Base – parte inferior da coluna sobre a qual se apoia o fuste.

Bisel (talhe a) – corte oblíquo de uma aresta. No baixo e médio relevos o talhe ou a escultura a bisel, por ser oblíquo ao suporte, propicia a nitidez dos motivos decorativos.

Bispados – grande unidade administrativa de matriz religiosa. Dividiam-se, por sua vez, em arcediagados, cada qual, mais ou menos correspondente a uma Terra.

Bolboso, bolbiforme – em forma de bolbo.

Cabeceira – é a extremidade de uma igreja, para além das naves ou transepto (quando existente) e onde se encontra o santuário. É constituída por diversos elementos, sendo o principal a capela-mor. É conotada com a cabeça de Cristo. 

Cachorro – pedra esculpida ou lisa na qual assenta uma cornija.

Cadeiral – conjunto de assentos, dispostos em uma ou mais filas nas paredes laterais da capela-mor, da nave central ou do coro alto de uma igreja.

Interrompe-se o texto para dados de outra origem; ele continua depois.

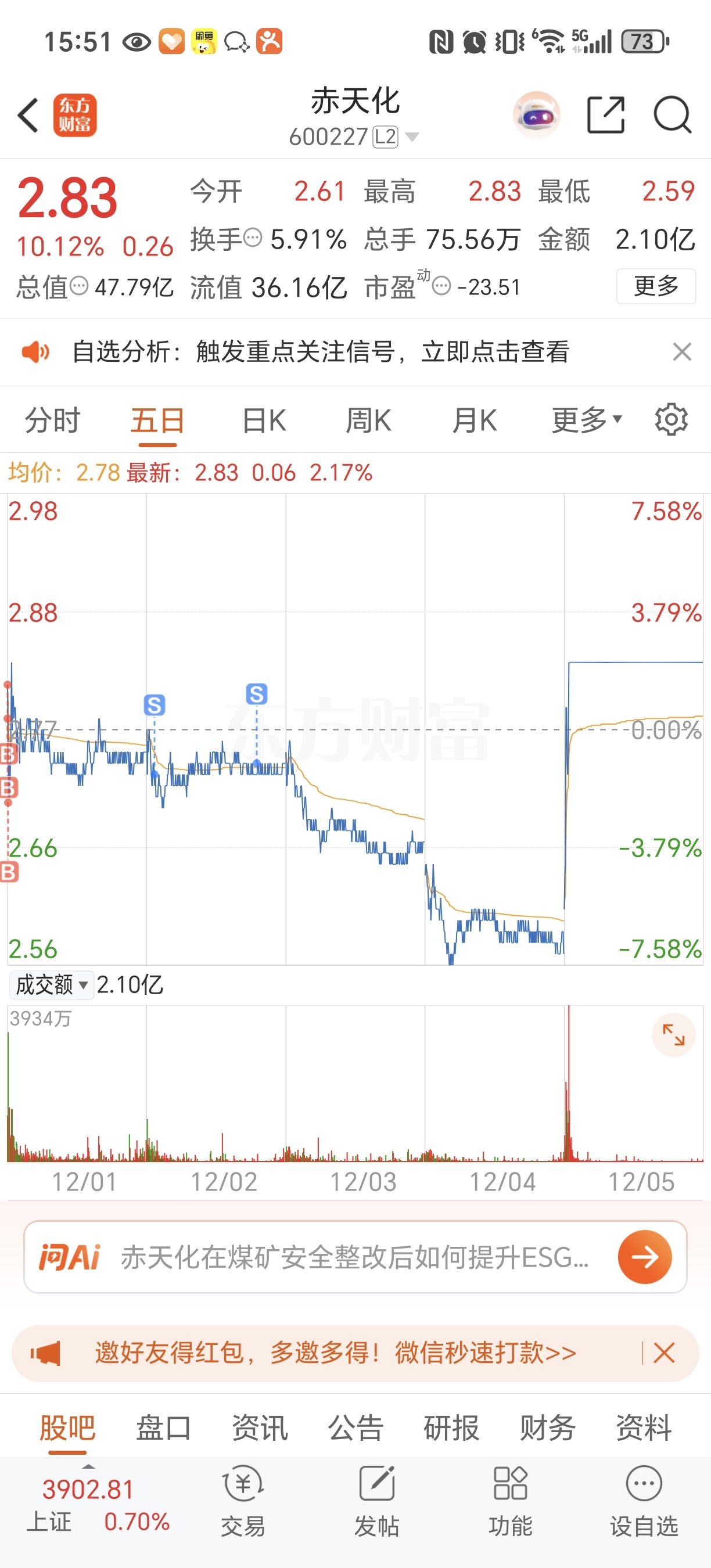 $赤天化(SH600227)$ 股是没看错,卖出也对,可惜忘记买回来了,庄家算你牛。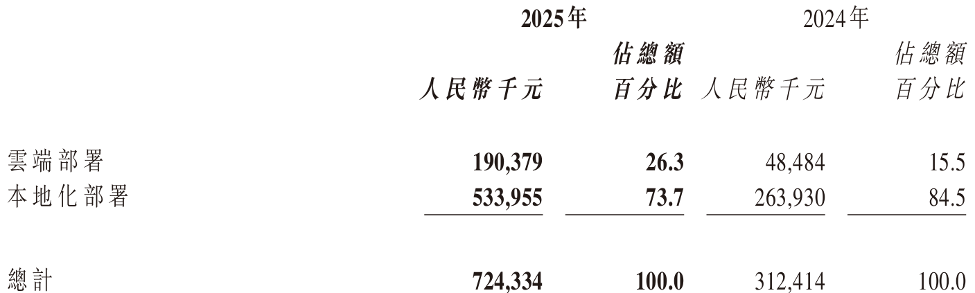 從業(yè)務(wù)結(jié)構(gòu)來看,智譜的云端部署與本地化部署呈現(xiàn)出不同的發(fā)展態(tài)勢。云端部署收入去年達到1.90億元,同比增長293%,主要得益于模型調(diào)用量的顯著增加;而本地化部署作為營收主力,去年貢獻了5.34億元,同比增長102%,但在整體營收中的占比有所下降,從2024年的近85%降至74%。這一變化反映出智譜業(yè)務(wù)結(jié)構(gòu)的優(yōu)化,但尚未迎來根本性轉(zhuǎn)折。

Caixotão – painel em reentrância colocado no interior do intradorso de uma cobertura ou vão, limitado por emolduramento, normalmente de forma regular, quadrada ou rectangular, encontrando-se por vezes em forma poligonal, podendo ser pintado ou entalhado.

Califado de Córdova – sistema de governo político e religioso que, entre 929 e 1008, unificou e robusteceu toda a Península Ibérica sob domínio islâmico.

Capela-mor – espaço principal da igreja ou capela, onde se encontra o altar-mor.

Capitel – peça superior esculpida de uma coluna, pilar ou pilastra formado por ábaco e cesto.

Cantaria – pedra emparelhada de forma geométrica disposta de forma regular.

Canteiro – artista que desbasta, corta e aperfeiçoa as pedras que irão constituir uma cantaria.

Carranca – cabeça, máscara ou mascarão, do imaginário fantástico, esculpida em pedra, madeira ou metal, colocada como motivo decorativo em cimalhas, frisos, áticos, fontes, chafarizes, lavabos, etc.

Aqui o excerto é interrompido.